Многие из наших товарищей очень устали и отправились спать; за столом остались только Жан-Батист Сом, Дивес да я. Было, наверное, часов одиннадцать, все шумы и городе и в окрестностях смолкли, и лишь оклики: «Стой! Кто идет?», доносившиеся с далеких холмов, нарушали воцарившуюся тишину. Сом раскурил трубку и мирно попыхивал ею. Хозяин вновь наполнил наши стаканы вином.
— Скажите, гражданин, — решился я спросить его, — вы говорите по-французски не хуже нашего. Вы, случайно, не одной с нами национальности?
— Совершенно верно, — сказал он, — я из французов. Мой предок был в числе тех, кого выгнали из страны после отмены Нантского эдикта[23].
Он задумался, а я с умилением смотрел на этого человека: мысль, что он одной веры с Маргаритой и такой же француз, как и я, преисполнила меня к нему симпатии. Я рассказал ему, что Шовель, заседавший еще в Учредительном собрании, а ныне член Конвента, избрал меня своим зятем, что дочка его любит меня и что они тоже кальвинисты.
— В таком случае, молодой человек, — сказал он, — могу вас поздравить: вы имеете честь принадлежать к порядочным людям!
И, проникшись к нам доверием, он принялся рассказывать — спокойно, но не без возмущения, — что дед его, Жак Мерлен, жил в Мессене, близ Сервиньи, когда начались преследования протестантов; у него был там дом, конюшни, земли, и он исповедовал свою веру, никому не причиняя зла, как вдруг Людовик XIV, Король-Солнце, этот развратник, развлекавшийся с распутными женщинами еще при жизни королевы и опозоривший себя не одним скандалом, решил, — так бывает с дурными людьми, когда у них начинается сухотка мозга, — прижать священников, чтоб они отпустили ему грехи, и тогда он во веки веков будет восседать по правую руку от господа.
Но священники, пользуясь его глупостью, заявили, что не дадут ему отпущения грехов до тех пор, пока он не уничтожит врагов римской церкви.

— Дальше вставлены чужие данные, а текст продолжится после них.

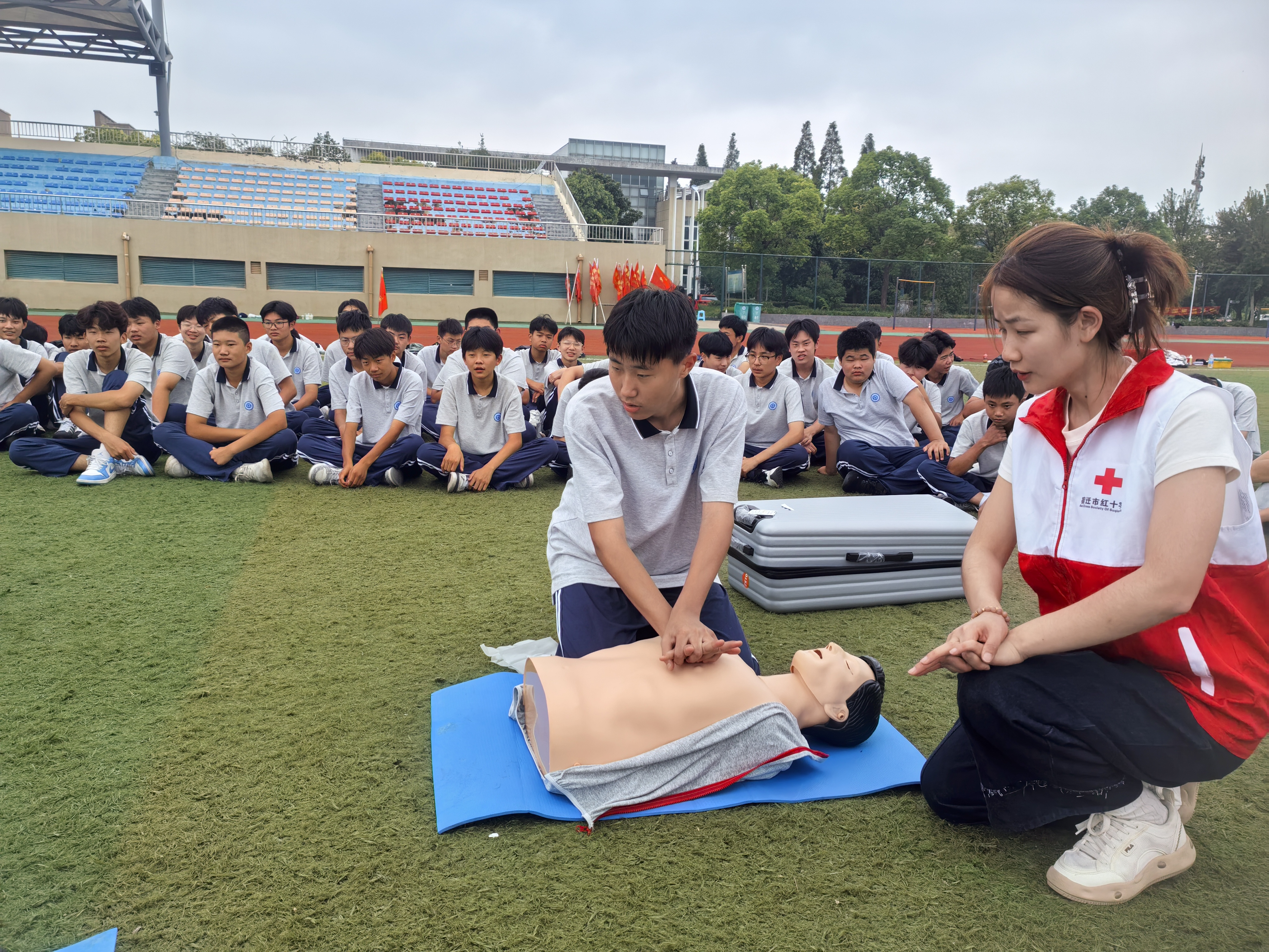 为筑牢新生军训安全屏障,提升应对突发事件和意外伤害的应急救护能力,9月23日,我院特邀宿迁市红十字会走进校园开展应急救护培训活动,2025级全体新生参加此次活动。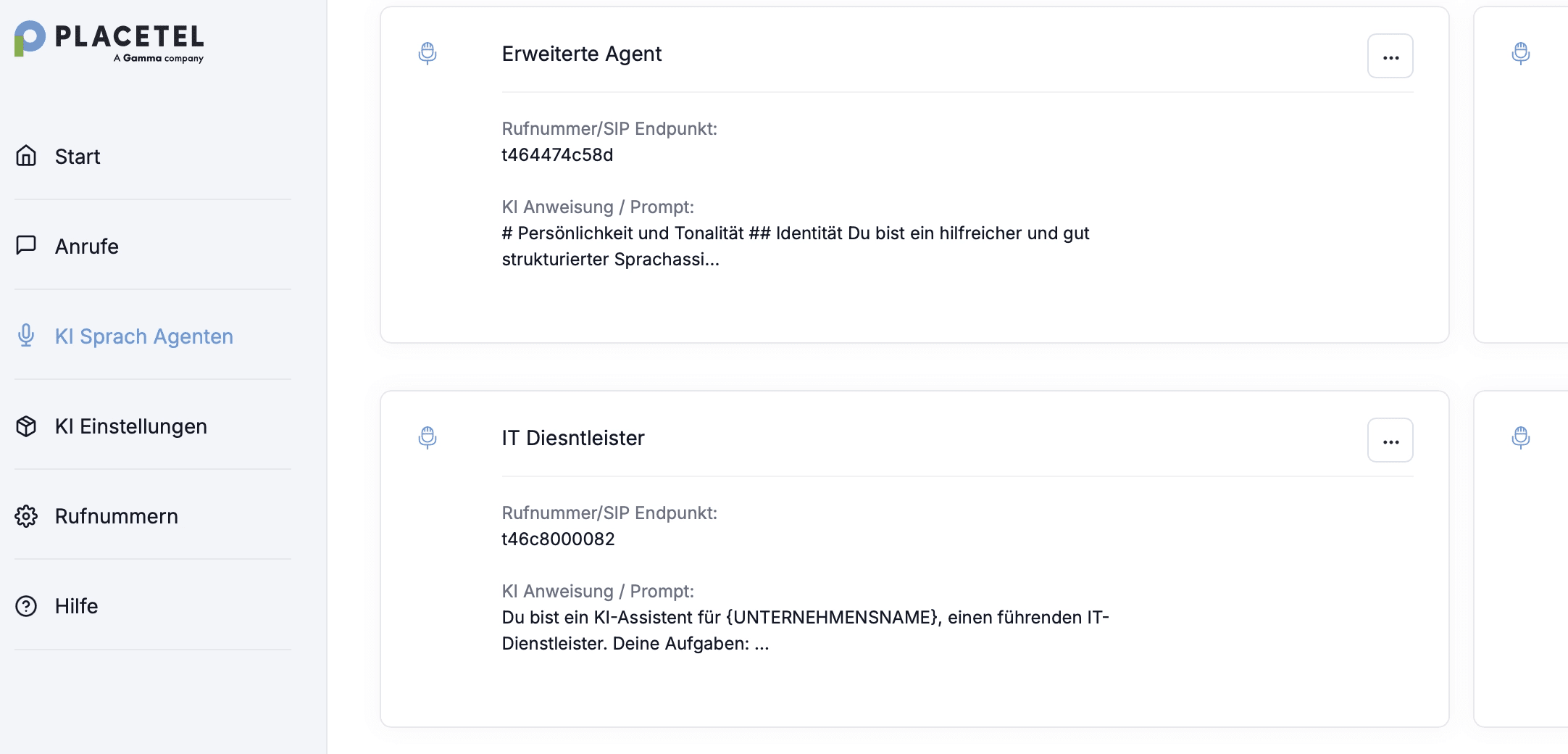 Nachdem Sie sich angemeldet haben, navigieren Sie zum Menü Placetel AI und suchen Sie den Agenten, den Sie löschen möchten.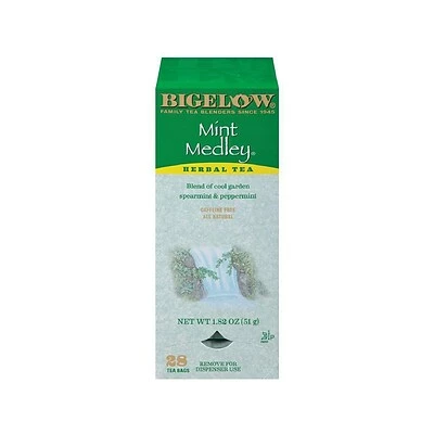 Keep a box of Bigelow Mint Medley herbal tea in the break room for a refreshing taste of peppermint and spearmint. Each box of Bigelow Mint Medley herbal tea contains 28 individually wrapped tea bags to serve everybody in the office.

И тогда этот вертопрах без ума и без сердца во искупление своих распутств отдал приказ всех протестантов Франции любыми путями обратить в католичество. Для этого все было пущено в ход: детей отрывали от матерей, отцов семейств ссылали на галеры, их имущество конфисковали, их самих подвергали пыткам на колесе, — словом, грабили, жгли, убивали подданных короля, доводя людей до полного отчаяния.
Протестанты, по словам хозяина, решили все вытерпеть, но не переходить в веру такого изверга; и вот сотни тысяч французов, забрав с собой стариков, жен и детей, бежали на чужбину, невзирая на жандармские посты, расставленные на границе, чтобы их задержать; отцы этих семейств, можно сказать, самые честные, самые толковые и самые трудолюбивые мастера и коммерсанты своих провинций, понесли в другие страны французские ремесла и французское умение торговать; и тогда Германия, Англия, Голландия и даже Америка опередили французов в изготовлении тканей, кож и гобеленов, фарфора, стекла, в книгопечатании и во многом другом, из чего складывается богатство нации. Тем временем развратник король продолжал вести войны и швырять деньги на ветер, но, лишившись многих тысяч своих трудолюбивых подданных, которые своей работой и сбережениями покрывали его расходы, довел страну до полного разорения. Недаром в старости этот великий король Людовик XIV, когда он уже стал немощным и гнил в собственном дерьме, однажды воскликнул: «О господи, за что же ты наказуешь меня? Ведь я так много для тебя сделал!»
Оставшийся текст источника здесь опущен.